Barbara Skrzypek, wieloletnia współpracowniczka prezesa PiS Jarosława Kaczyńskiego, zmarła w sobotę, 15 marca. Kilka dni wcześniej, w środę 12 marca, była przesłuchiwana w charakterze świadka w śledztwie dotyczącym spółki Srebrna. Przesłuchanie w Prokuraturze Okręgowej w Warszawie prowadziła prok. Ewa Wrzosek. Politycy PiS, w tym lider partii Jarosław Kaczyński, uważają, iż jest związek między przesłuchaniem Barbary Skrzypek a jej śmiercią.
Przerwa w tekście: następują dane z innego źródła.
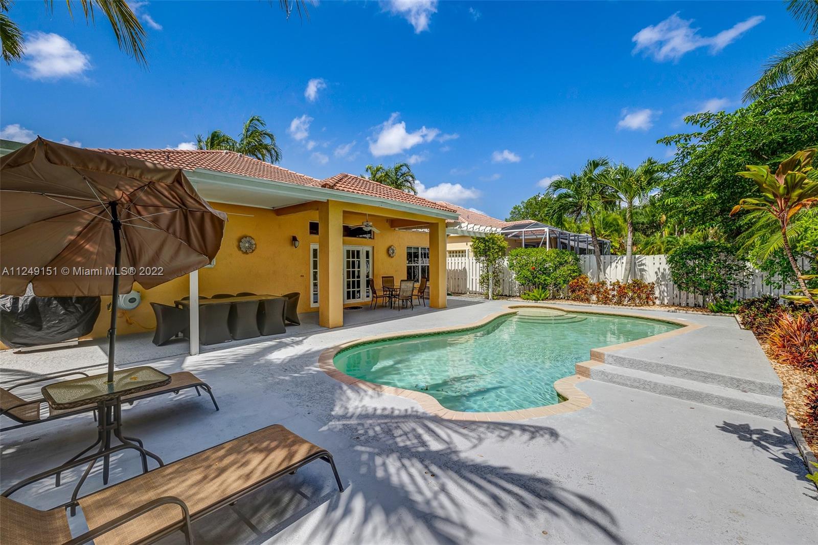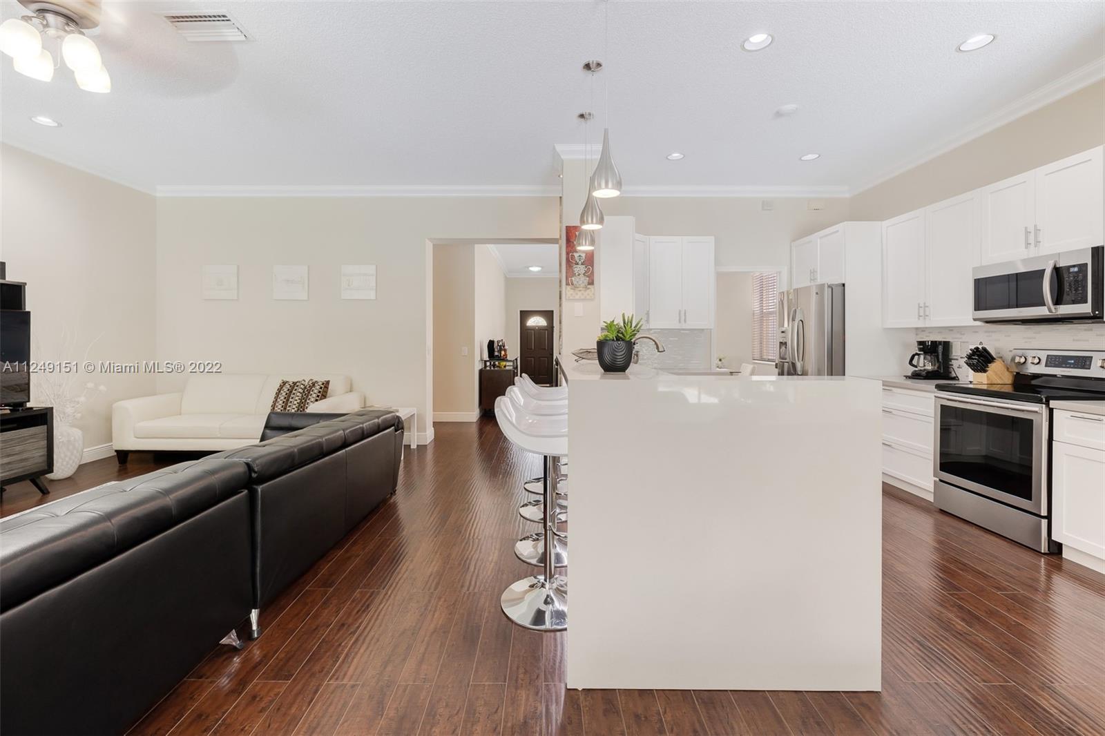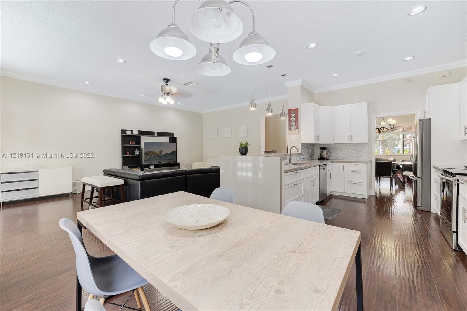 You can't pass on this updated home, come and see this beautiful, remodeled house in “The Meadows. Meticulously maintained, this one-story home has 4 Bedrooms, 3 Full Remodeled Bathrooms and is move in ready. Generous master closet. Spacious modern and open kitchen with quartz counter tops/back splash, counter sitting area, SS appliances and white custom cabinets, including the breakfast area. The paved patio is great for entertaining or just relaxing, overlooks the pool. French Doors. Accordion Shutters. Two car garage. Separate laundry room. South Florida lifestyle doesn’t get any better. Community Pool. Conveniently located at walking distance from Gator Run Elementary, easy access to I-75 and 595. Close to several shopping malls and restaurants. Top rated schools.

Dalszy ciąg artykułu pod materiałem wideo
We wtorek Wrzosek poinformowała, iż poprosiła o ochronę ze względu na otrzymywane groźby. — Wystąpiłam drogą służbową z wnioskiem o zapewnienie ochrony z uwagi na niezliczoną liczbę kierowanych wobec mnie gróźb karalnych i nawoływania do popełnienia przestępstw na moją szkodę, w tym niewyobrażalnej kampanii hejtu i nienawiści, inspirowanej przez osoby publiczne i polityków — wyjaśniła w rozmowie z PAP.
Prokuratura podała przyczynę śmierci Barbary Skrzypek
W sprawie śmierci Skrzypek postępowanie od poniedziałku prowadzi Prokuratura Okręgowa Warszawa-Praga pod nadzorem Prokuratury Krajowej. Według wstępnych wyników sekcji zwłok Skrzypek przyczyną jej zgonu — jak poinformowała prokuratura — była „niewydolność krążenia w przebiegu bardzo rozległego zawału tylnej ściany serca”.
Prok. Norbert A. Woliński, rzecznik prasowy Prokuratury Okręgowej Warszawa-Praga przekazał we wtorek, iż w trakcie sekcji nie stwierdzono obrażeń mechanicznych, które mogły mieć wpływ na zgon. — Zabezpieczony został materiał do dalszych badań, które będą przeprowadzone — dodał.
— Rodzina nie życzyła sobie przeprowadzenia sekcji zwłok, natomiast decyzję tę podejmuje prokurator. (…) O czasie sekcji była powiadomiona rodzina Barbary Skrzypek. Nie mam wiedzy, czy był pełnomocnik przy tej czynności. (…) Dzisiaj został przesłuchany lekarz, który stwierdził zgon — mówił prokurator Woliński, odpowiadając na pytania dziennikarzy.